*Information given*:
_ _ _ _ _

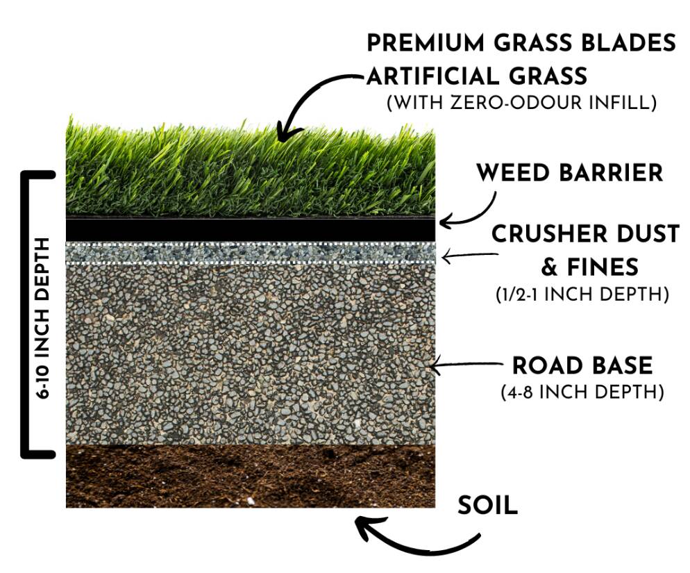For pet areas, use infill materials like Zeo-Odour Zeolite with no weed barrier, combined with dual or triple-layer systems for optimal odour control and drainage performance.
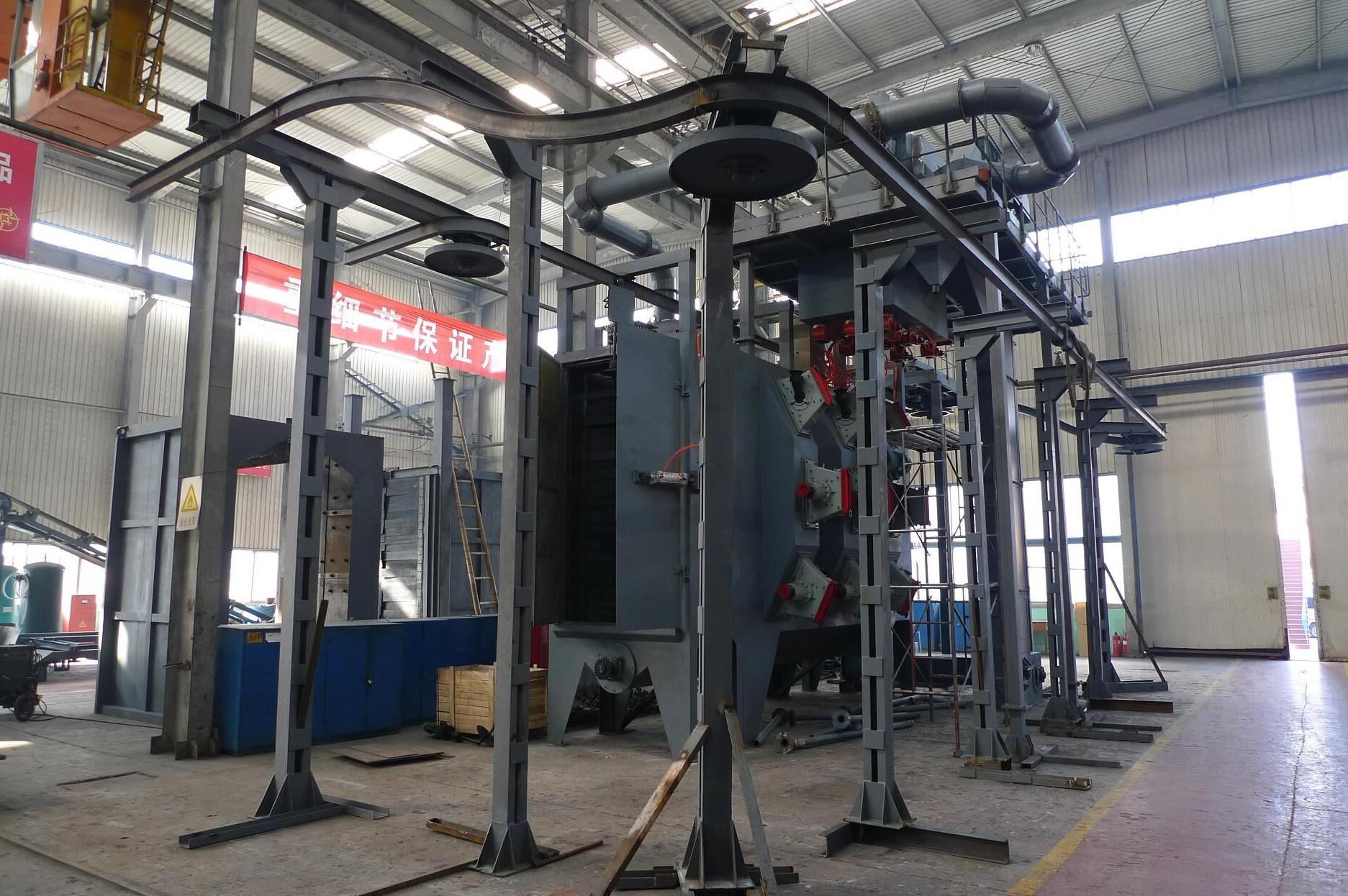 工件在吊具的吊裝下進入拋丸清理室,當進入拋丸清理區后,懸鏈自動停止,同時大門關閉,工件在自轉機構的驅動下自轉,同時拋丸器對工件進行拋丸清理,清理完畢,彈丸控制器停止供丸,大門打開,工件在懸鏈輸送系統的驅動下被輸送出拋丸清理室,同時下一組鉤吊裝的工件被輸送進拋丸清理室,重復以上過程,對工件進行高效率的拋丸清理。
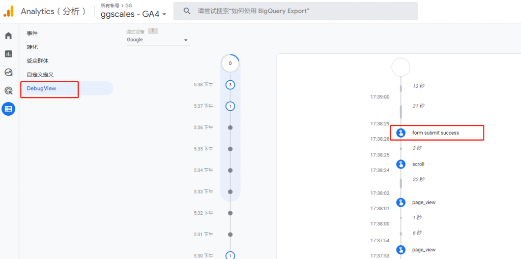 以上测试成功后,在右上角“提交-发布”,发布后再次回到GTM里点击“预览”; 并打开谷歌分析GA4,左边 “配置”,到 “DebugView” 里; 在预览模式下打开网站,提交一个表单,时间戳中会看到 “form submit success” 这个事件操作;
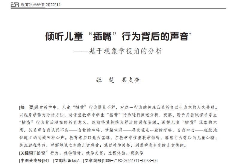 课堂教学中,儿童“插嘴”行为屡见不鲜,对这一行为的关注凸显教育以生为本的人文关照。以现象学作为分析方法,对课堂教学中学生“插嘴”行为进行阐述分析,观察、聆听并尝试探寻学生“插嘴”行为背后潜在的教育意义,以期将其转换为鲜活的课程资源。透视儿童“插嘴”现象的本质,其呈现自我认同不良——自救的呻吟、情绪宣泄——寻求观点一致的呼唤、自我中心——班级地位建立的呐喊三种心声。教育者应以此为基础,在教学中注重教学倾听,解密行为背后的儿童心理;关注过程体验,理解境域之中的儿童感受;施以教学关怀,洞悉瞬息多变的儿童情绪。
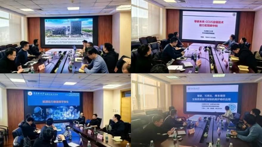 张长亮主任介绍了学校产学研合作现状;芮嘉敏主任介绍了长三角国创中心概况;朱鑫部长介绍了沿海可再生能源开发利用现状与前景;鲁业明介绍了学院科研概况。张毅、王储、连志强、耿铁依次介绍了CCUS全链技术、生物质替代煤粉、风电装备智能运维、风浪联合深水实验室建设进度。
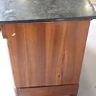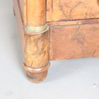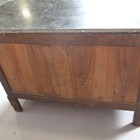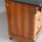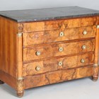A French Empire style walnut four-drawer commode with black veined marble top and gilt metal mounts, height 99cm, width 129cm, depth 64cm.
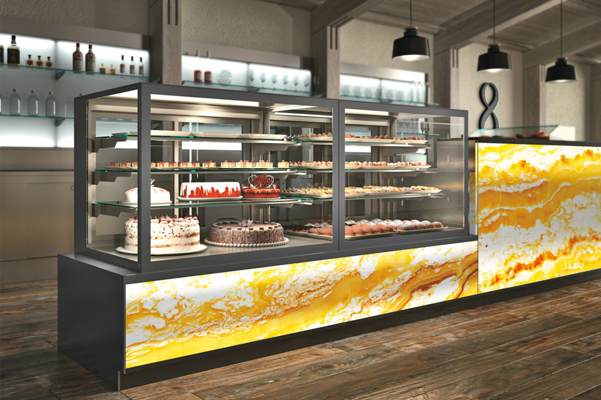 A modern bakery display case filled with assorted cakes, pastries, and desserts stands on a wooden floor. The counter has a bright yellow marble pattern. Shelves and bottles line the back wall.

_ _ _ _ _

*Task item*:
The answer should be the complete listing, set down exactly, without pictures.

*Solution for this task*:
For pet areas, use infill materials like Zeo-Odour Zeolite with no weed barrier, combined with dual or triple-layer systems for optimal odour control and drainage performance.
 工件在吊具的吊裝下進入拋丸清理室,當進入拋丸清理區后,懸鏈自動停止,同時大門關閉,工件在自轉機構的驅動下自轉,同時拋丸器對工件進行拋丸清理,清理完畢,彈丸控制器停止供丸,大門打開,工件在懸鏈輸送系統的驅動下被輸送出拋丸清理室,同時下一組鉤吊裝的工件被輸送進拋丸清理室,重復以上過程,對工件進行高效率的拋丸清理。
 以上测试成功后,在右上角“提交-发布”,发布后再次回到GTM里点击“预览”; 并打开谷歌分析GA4,左边 “配置”,到 “DebugView” 里; 在预览模式下打开网站,提交一个表单,时间戳中会看到 “form submit success” 这个事件操作;
 课堂教学中,儿童“插嘴”行为屡见不鲜,对这一行为的关注凸显教育以生为本的人文关照。以现象学作为分析方法,对课堂教学中学生“插嘴”行为进行阐述分析,观察、聆听并尝试探寻学生“插嘴”行为背后潜在的教育意义,以期将其转换为鲜活的课程资源。透视儿童“插嘴”现象的本质,其呈现自我认同不良——自救的呻吟、情绪宣泄——寻求观点一致的呼唤、自我中心——班级地位建立的呐喊三种心声。教育者应以此为基础,在教学中注重教学倾听,解密行为背后的儿童心理;关注过程体验,理解境域之中的儿童感受;施以教学关怀,洞悉瞬息多变的儿童情绪。
 张长亮主任介绍了学校产学研合作现状;芮嘉敏主任介绍了长三角国创中心概况;朱鑫部长介绍了沿海可再生能源开发利用现状与前景;鲁业明介绍了学院科研概况。张毅、王储、连志强、耿铁依次介绍了CCUS全链技术、生物质替代煤粉、风电装备智能运维、风浪联合深水实验室建设进度。
A French Empire style walnut four-drawer commode with black veined marble top and gilt metal mounts, height 99cm, width 129cm, depth 64cm.
 A modern bakery display case filled with assorted cakes, pastries, and desserts stands on a wooden floor. The counter has a bright yellow marble pattern. Shelves and bottles line the back wall.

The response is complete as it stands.